The cosmos is goddamn impressive for a variety of reasons. One of my favorite examples is its tremendous capacity for destruction. Marauding stars, black holes, and now this: sandstorms that rise up out of a star and friggin’ end it.
Another day, another reason why the universe is terrifying. There’s brand new evidence supporting a previously debunked theory that huge, fast storms of dust can inflict a fatal blow on already dying stars.

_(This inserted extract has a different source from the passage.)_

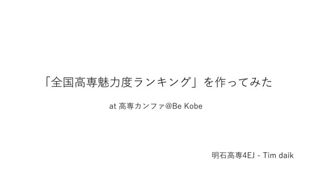 「全国高専魅力度ランキング」を作ってみた at 高専カンファ@Be Kobe 明石高専4EJ - Tim daik

These theorical particles of dust originate in the stars themselves, and migrate to the surface, where they are blown off and cross space at one hundred times the power of the solar wind. This is not a minor sand storm. Half of the star’s mass is gone by the end of it. Or that was the theory. Astronomers pooh-poohed it as only astronomers could, saying the tiny particles would get melted by the heat of the star and reintegrate.
However, in a paper in Nature, astronomers led by Barnaby Norris from the University of Sydney in Australia found an interesting twist. The dust particles are a little bigger than expected. Not only does this mean that they don’t get disintegrated, it means that they reflect the starlight back into the star, staying cool, cooking the star farther, and then being sent out in deadly clouds across the cosmos that wipe out everything in their path. Forget asteroids – let’s see Han Solo trying to evade a massive, star-killing dust storm.
All us fat-headed fucks chilling about on Earth completely oblivious to the myriad ways of cosmic destruction that lurk everywhere in the Everything. I don’t know if its terrifying, or exhilarating. Maybe both.